◆ RECORDS SHOWN:
═══

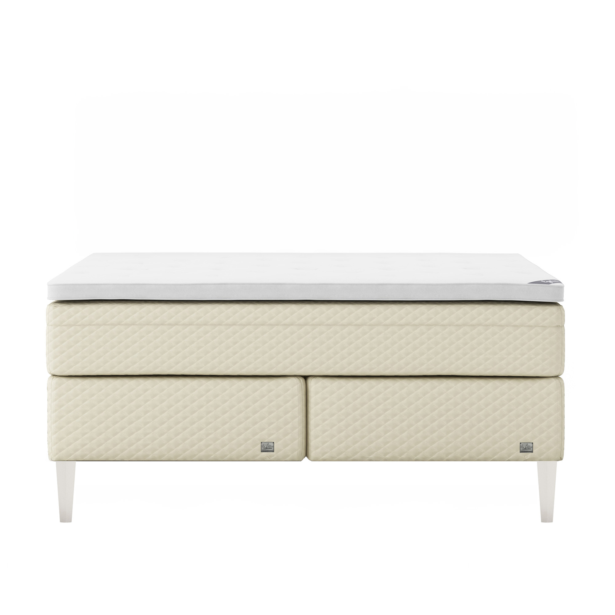 Englesson - Superior Kontinental Low Frame Firm 160Wx210L Pearl Dubbelsäng, Sängben Koniska Trä White 21 cm, Bäddmadrass Sense Plus - Sängar - Beige
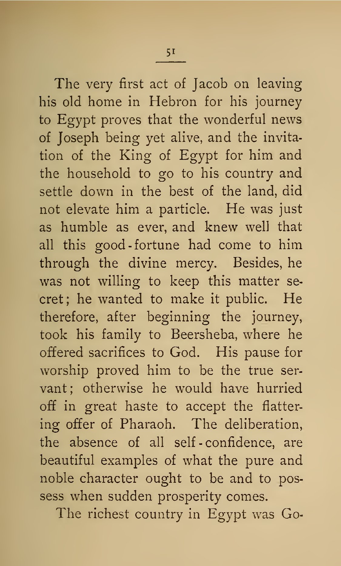 - 51 The very first act of Jacob on leaving his old home in Hebron for his journey to Egypt proves that the wonderful news of Joseph being yet alive, and the invitation of the King of Egypt for him and the household to go to his country and settle down in the best of the land, did not elevate him a particle. He was just as humble as ever, and knew well that all this good-fortune had come to him through the divine mercy. Besides, he was not willing to keep this matter secret; he wanted to make it public. He therefore, after beginning the journey, took his family to Beersheba, where he offered sacrifices to God. His pause for worship proved him to be the true servant; otherwise he would have hurried off in great haste to accept the flattering offer of Pharaoh. The deliberation, the absence of all self-confidence, are beautiful examples of what the pure and noble character ought to be and to possess when sudden prosperity comes. The richest country in Egypt was Go-
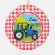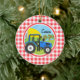 Blue Traktor; Rot und Weiß Gingham Keramik Ornament
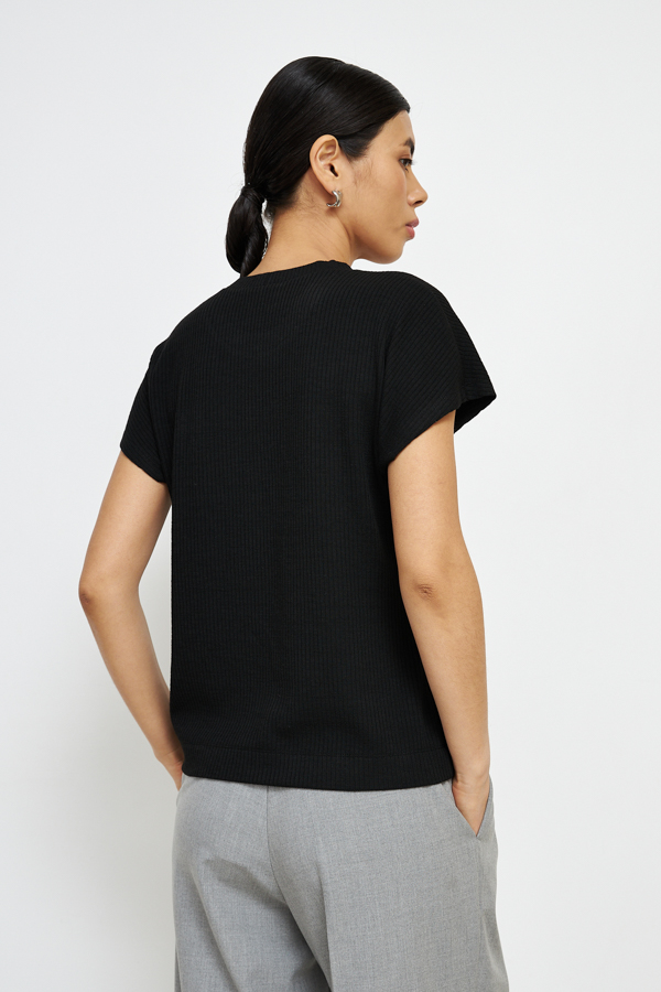 Джемпер свободного силуэта из фактурного эластичного полотна. Цельнокроеный короткий рукав. Круглый вырез горловины оформлен бейкой. Женский джемпер стал незаменимой и популярной разновидностью одежды, которая может применяться буквально во всех случаях жизни.
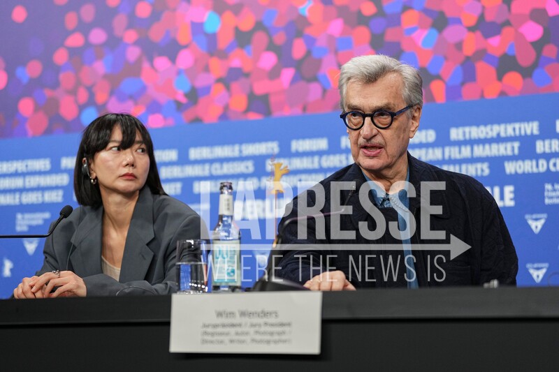 Bae Doona, from left, and Jury president Wim Wenders attend the press conference for the Jury of the International Film Festival, Berlinale, in Berlin, Thursday, Feb. 12, 2026. (Photo by Scott A Garfitt/Invision/AP).
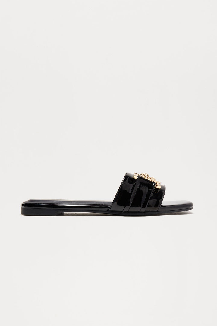 Available In Black. | Flat Sandals | Hardware Detail | Square Toe | Flat Heel | Imported

═══

Could you set down the data exactly as given, minus its pictures?

 Englesson - Superior Kontinental Low Frame Firm 160Wx210L Pearl Dubbelsäng, Sängben Koniska Trä White 21 cm, Bäddmadrass Sense Plus - Sängar - Beige
 - 51 The very first act of Jacob on leaving his old home in Hebron for his journey to Egypt proves that the wonderful news of Joseph being yet alive, and the invitation of the King of Egypt for him and the household to go to his country and settle down in the best of the land, did not elevate him a particle. He was just as humble as ever, and knew well that all this good-fortune had come to him through the divine mercy. Besides, he was not willing to keep this matter secret; he wanted to make it public. He therefore, after beginning the journey, took his family to Beersheba, where he offered sacrifices to God. His pause for worship proved him to be the true servant; otherwise he would have hurried off in great haste to accept the flattering offer of Pharaoh. The deliberation, the absence of all self-confidence, are beautiful examples of what the pure and noble character ought to be and to possess when sudden prosperity comes. The richest country in Egypt was Go-
 Blue Traktor; Rot und Weiß Gingham Keramik Ornament
 Джемпер свободного силуэта из фактурного эластичного полотна. Цельнокроеный короткий рукав. Круглый вырез горловины оформлен бейкой. Женский джемпер стал незаменимой и популярной разновидностью одежды, которая может применяться буквально во всех случаях жизни.
 Bae Doona, from left, and Jury president Wim Wenders attend the press conference for the Jury of the International Film Festival, Berlinale, in Berlin, Thursday, Feb. 12, 2026. (Photo by Scott A Garfitt/Invision/AP).
 Available In Black. | Flat Sandals | Hardware Detail | Square Toe | Flat Heel | Imported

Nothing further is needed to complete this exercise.